━━ Provided records ━━

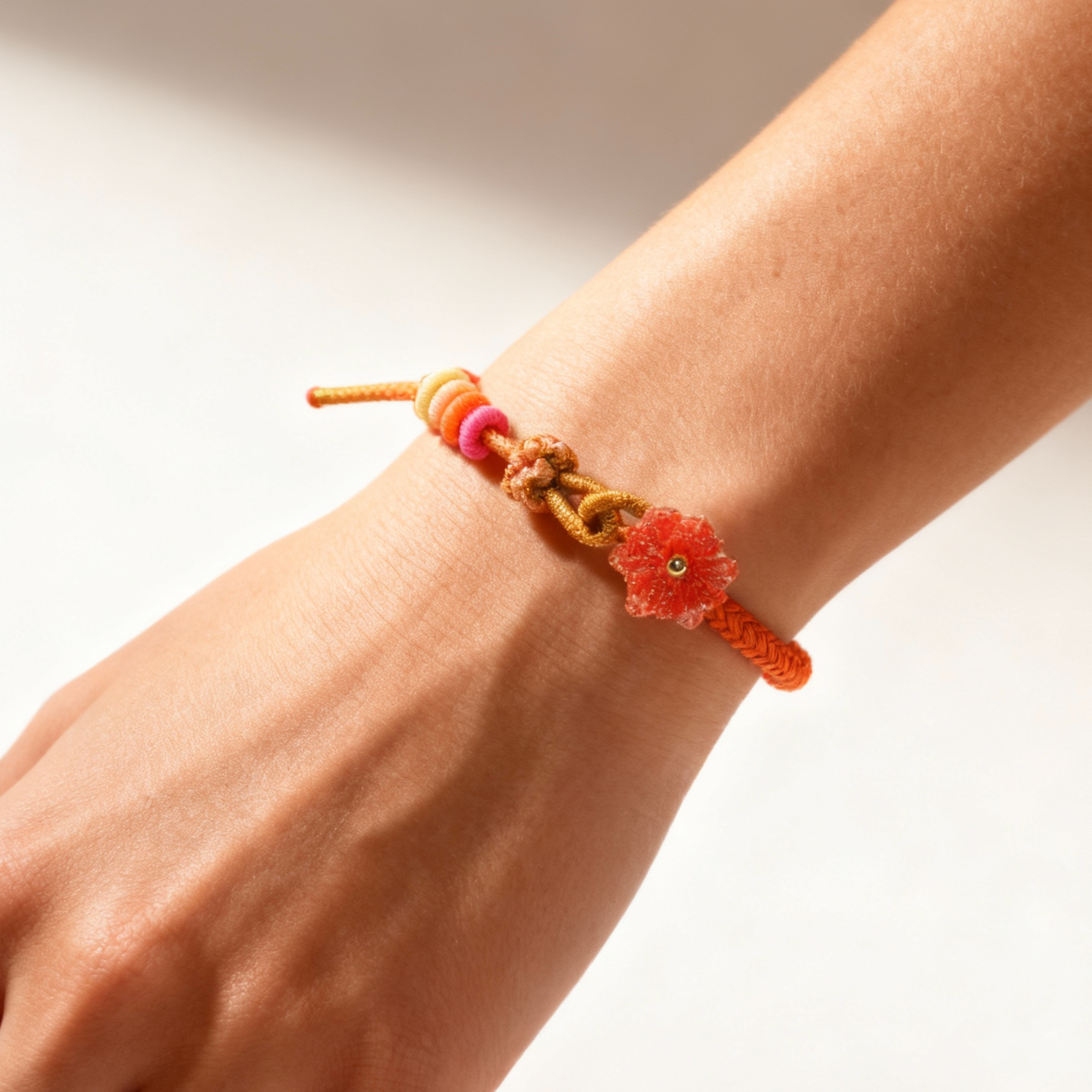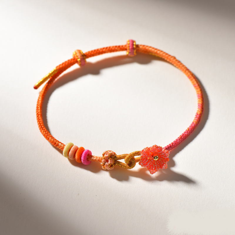Style: Adjustable pull-cord design Size: Fits wrists up to 24cm (approximately 9.45 inches) Technique: 100% handcrafted using traditional Chinese knotting techniques Material: High-strength nylon cord, hand-dyed woven threads Color Palette: Sunset Orange × Soft Pink × Golden Amber Adjustability: Smooth and flexible pull-string mechanism
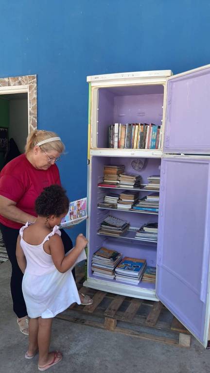 PARTE DO SUBSIDIO DISTRITAL FOI EMPREGADO EM MAIS UMA GELADEIRA DO SABER.DESTA VEZ A COMUNIDADE DO SÃO GONÇALO BEIRA RIO FOI CONTEMPLADA.O QUINTAL DA DOMINGAS COM PROJETO SOCIAL RECEBEU DIVERSOS LIVROS
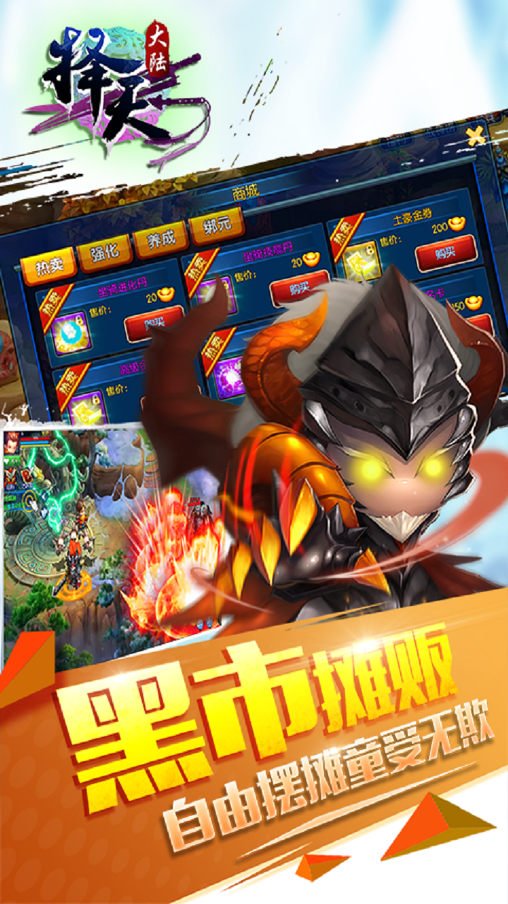 《择天大陆》是手机网游中首款极具创新的百变巨作,画面精美绝伦,玩法丰富多样,为你带来酣畅淋漓的降魔之旅。近百种多样化的造型任你选择,玩游戏的同时,风格亦可千变万化;大型帮派战系统让你在手机上也能体验到PC端那种快意战斗的激荡;全新国战系统,唯有团结一心,方能攻克我们的城池。
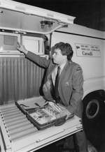 Sujet principal :L'INSPECTEUR GABY DUTEAU MONTRE LA FOURGONNETTE DE DETECTION PAR RAYONS-X.
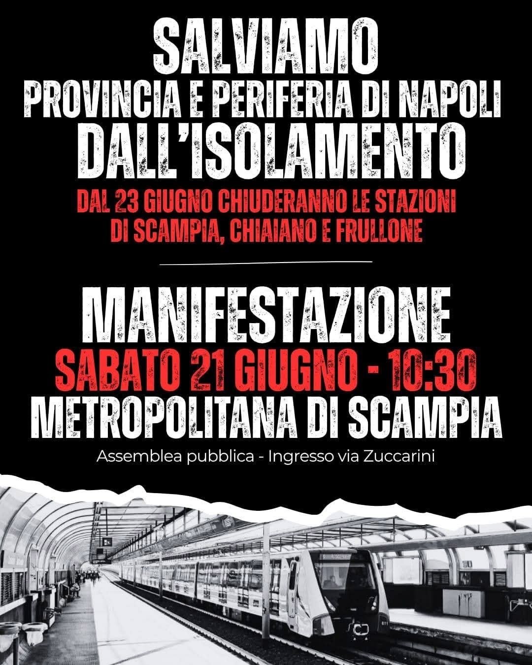 La chiusura delle stazioni di Scampia, Chiaiano e Frullone, prevista dal 23 giugno, ha scatenato la mobilitazione dei cittadini preoccupati per l’isolamento della provincia e della periferia nord  di Napoli.
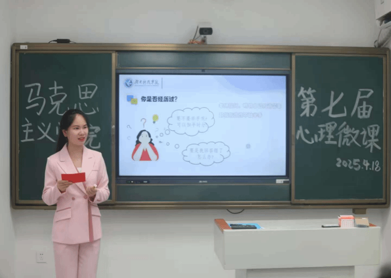 本网讯(记者 易媛媛)为提升学生心理健康意识、营造积极向上的校园氛围,4月18日晚,马克思主义学院在鹤鸣楼106微课教室举办“心向暖阳,逐光成长”第七届心理健康微课院赛。活动由思政2401班易媛媛主持,辅导员吴志伟,学长许圣翰、学姐唐汇担任评委。
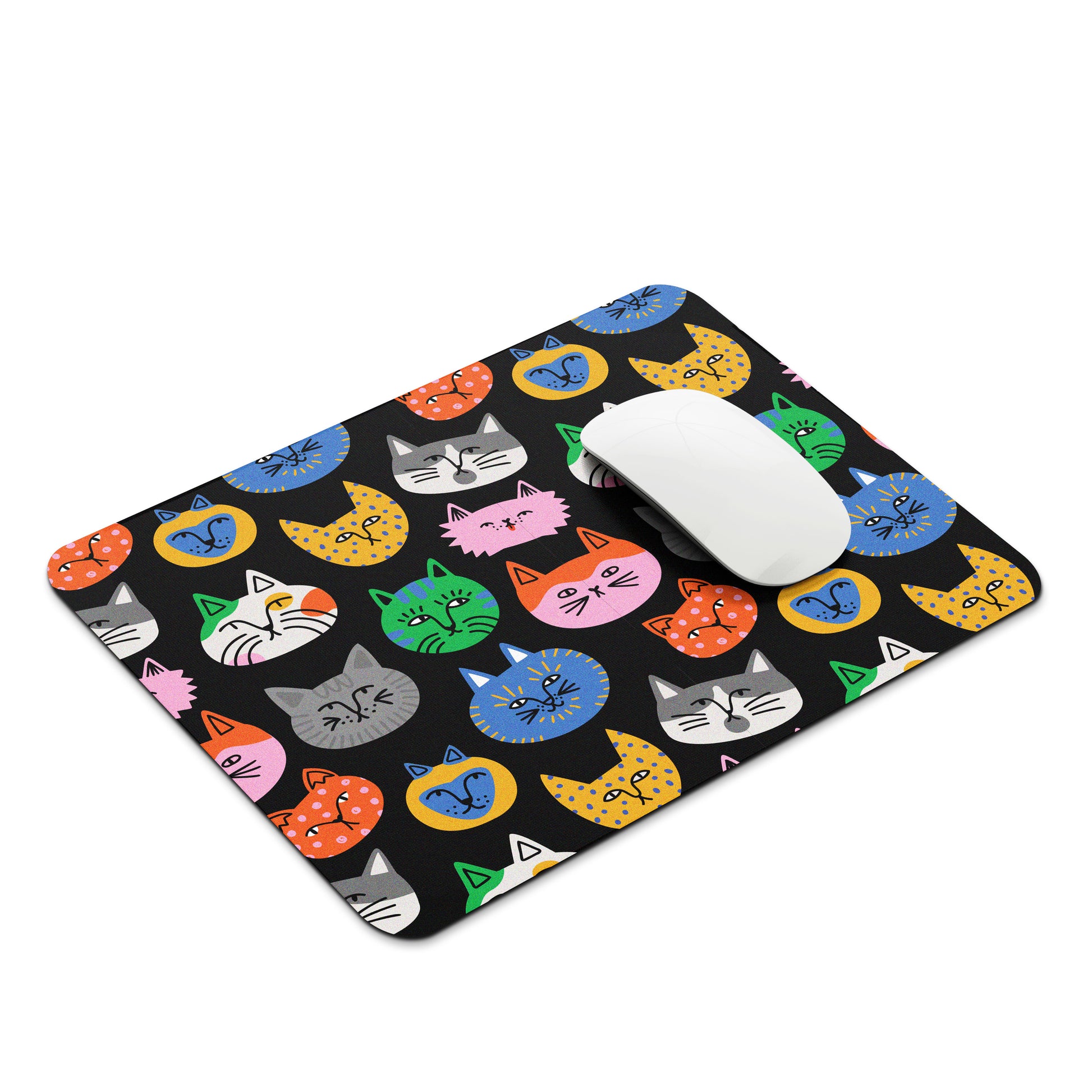 הכירו את הפד למחשב מקולקציית הפדים הייחודית שלנו בבסטיז, המציג פטרן צבעוני ומשעשע של איורי חתולים משעשעים על רקע שחור.
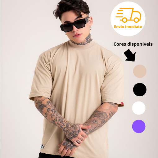 CAMISETA OVERSIZED Basic Streetwear gola alta masculina
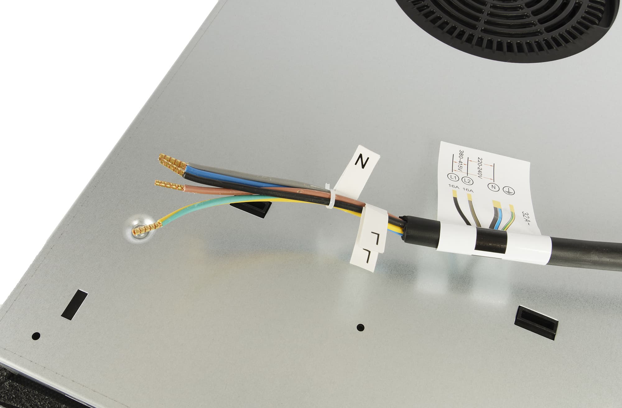 Дно выглядит традиционно — пара круглых вентиляторов, выход кабеля без вилки и наклейка с технической информацией.

━━━

• Exercise objective
Copy all the material word for word, minus its pictures.

• Result
Style: Adjustable pull-cord design Size: Fits wrists up to 24cm (approximately 9.45 inches) Technique: 100% handcrafted using traditional Chinese knotting techniques Material: High-strength nylon cord, hand-dyed woven threads Color Palette: Sunset Orange × Soft Pink × Golden Amber Adjustability: Smooth and flexible pull-string mechanism
 PARTE DO SUBSIDIO DISTRITAL FOI EMPREGADO EM MAIS UMA GELADEIRA DO SABER.DESTA VEZ A COMUNIDADE DO SÃO GONÇALO BEIRA RIO FOI CONTEMPLADA.O QUINTAL DA DOMINGAS COM PROJETO SOCIAL RECEBEU DIVERSOS LIVROS
 《择天大陆》是手机网游中首款极具创新的百变巨作,画面精美绝伦,玩法丰富多样,为你带来酣畅淋漓的降魔之旅。近百种多样化的造型任你选择,玩游戏的同时,风格亦可千变万化;大型帮派战系统让你在手机上也能体验到PC端那种快意战斗的激荡;全新国战系统,唯有团结一心,方能攻克我们的城池。
 Sujet principal :L'INSPECTEUR GABY DUTEAU MONTRE LA FOURGONNETTE DE DETECTION PAR RAYONS-X.
 La chiusura delle stazioni di Scampia, Chiaiano e Frullone, prevista dal 23 giugno, ha scatenato la mobilitazione dei cittadini preoccupati per l’isolamento della provincia e della periferia nord  di Napoli.
 本网讯(记者 易媛媛)为提升学生心理健康意识、营造积极向上的校园氛围,4月18日晚,马克思主义学院在鹤鸣楼106微课教室举办“心向暖阳,逐光成长”第七届心理健康微课院赛。活动由思政2401班易媛媛主持,辅导员吴志伟,学长许圣翰、学姐唐汇担任评委。
 הכירו את הפד למחשב מקולקציית הפדים הייחודית שלנו בבסטיז, המציג פטרן צבעוני ומשעשע של איורי חתולים משעשעים על רקע שחור.
 CAMISETA OVERSIZED Basic Streetwear gola alta masculina
 Дно выглядит традиционно — пара круглых вентиляторов, выход кабеля без вилки и наклейка с технической информацией.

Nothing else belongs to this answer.